» Exercise
Below is a listing to repeat exactly, with its pictures left out.

» Dataset content
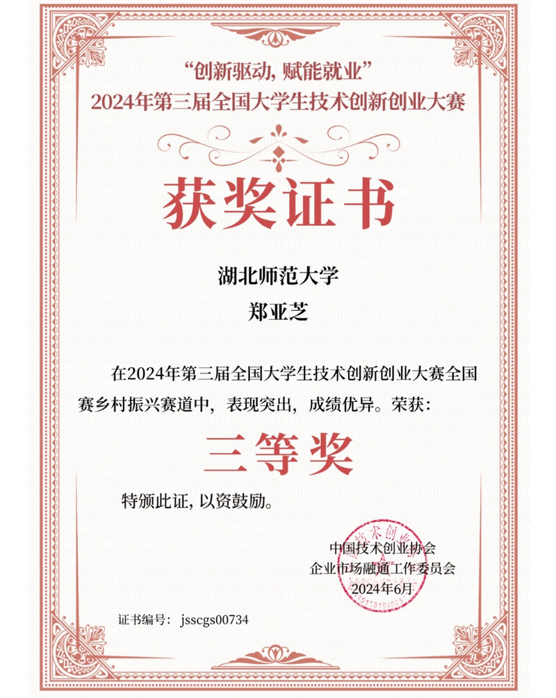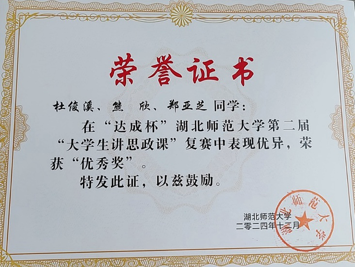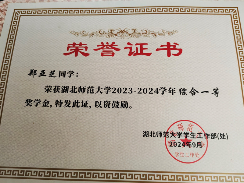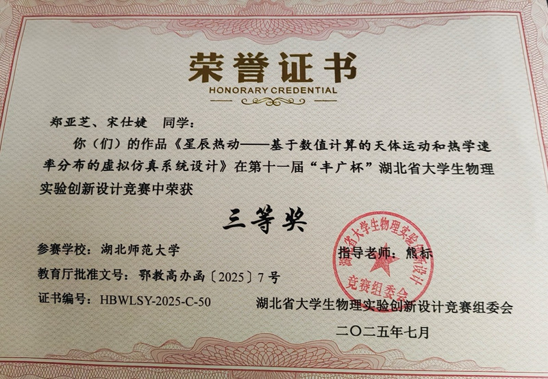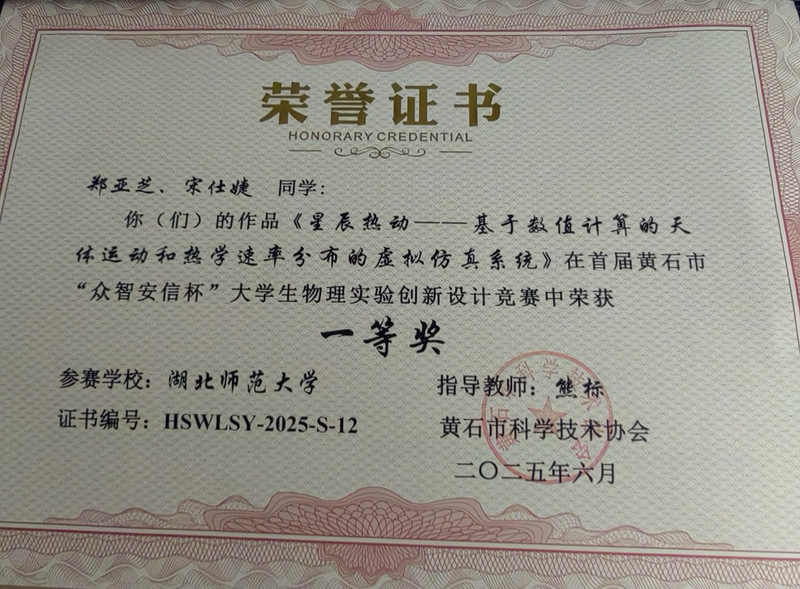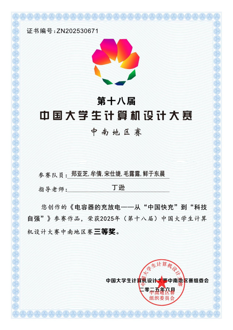 在夯实专业基础的同时,郑亚芝勇于突破舒适区,以科创为笔,在竞赛舞台上书写青春华章。她聚焦物理实验创新与技术创新创业领域,主动参与各类校级、省级、国家级赛事,从选题构思到方案设计,从实验操作到成果打磨,每一个环节都全力以赴、精益求精。面对竞赛中的难点与挑战,她不畏惧、不退缩,反复调试实验参数,优化创新方案,在一次次试错与改进中突破自我。最终,她从众多参赛者中脱颖而出,先后斩获2024年“全国大学生技术创新创业大赛”全国赛三等奖、第十一届“丰广杯”湖北省物理实验创新大赛三等奖、第十五届MathorCup挑战赛省级三等奖等多项荣誉,更连续两届在中国大学生计算机设计大赛中获省级三等奖,将物理理论与实践创新完美融合,用实力证明了“以赛促学、以赛促创”的成长力量。
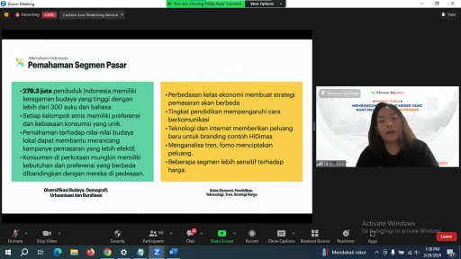 Sesi pemaparan materi oleh Ibu Faby menjadi agenda utama dalam webinar ini. Ibu Faby memulai dengan menekankan pentingnya memahami segmen pasar di Indonesia. Perbedaan segmen pasar membutuhkan strategi pemasaran yang berbeda. Ibu Faby juga menjelaskan pengaruh teknologi dan internet yang membuka peluang baru bagi UMKM.
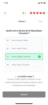 Culture Express est une application de quiz ludique et pédagogique pour tester et enrichir vos connaissances sur la culture française. Idéale pour les curieux, les passionnés d’histoire et de géographie, ou les candidats à la naturalisation, elle vous aide à vous préparer efficacement à l’entretien en explorant les grands thèmes de la France : institutions, gastronomie, patrimoine, Histoire, valeurs républicaines et plus encore.

» Output
 在夯实专业基础的同时,郑亚芝勇于突破舒适区,以科创为笔,在竞赛舞台上书写青春华章。她聚焦物理实验创新与技术创新创业领域,主动参与各类校级、省级、国家级赛事,从选题构思到方案设计,从实验操作到成果打磨,每一个环节都全力以赴、精益求精。面对竞赛中的难点与挑战,她不畏惧、不退缩,反复调试实验参数,优化创新方案,在一次次试错与改进中突破自我。最终,她从众多参赛者中脱颖而出,先后斩获2024年“全国大学生技术创新创业大赛”全国赛三等奖、第十一届“丰广杯”湖北省物理实验创新大赛三等奖、第十五届MathorCup挑战赛省级三等奖等多项荣誉,更连续两届在中国大学生计算机设计大赛中获省级三等奖,将物理理论与实践创新完美融合,用实力证明了“以赛促学、以赛促创”的成长力量。
 Sesi pemaparan materi oleh Ibu Faby menjadi agenda utama dalam webinar ini. Ibu Faby memulai dengan menekankan pentingnya memahami segmen pasar di Indonesia. Perbedaan segmen pasar membutuhkan strategi pemasaran yang berbeda. Ibu Faby juga menjelaskan pengaruh teknologi dan internet yang membuka peluang baru bagi UMKM.
 Culture Express est une application de quiz ludique et pédagogique pour tester et enrichir vos connaissances sur la culture française. Idéale pour les curieux, les passionnés d’histoire et de géographie, ou les candidats à la naturalisation, elle vous aide à vous préparer efficacement à l’entretien en explorant les grands thèmes de la France : institutions, gastronomie, patrimoine, Histoire, valeurs républicaines et plus encore.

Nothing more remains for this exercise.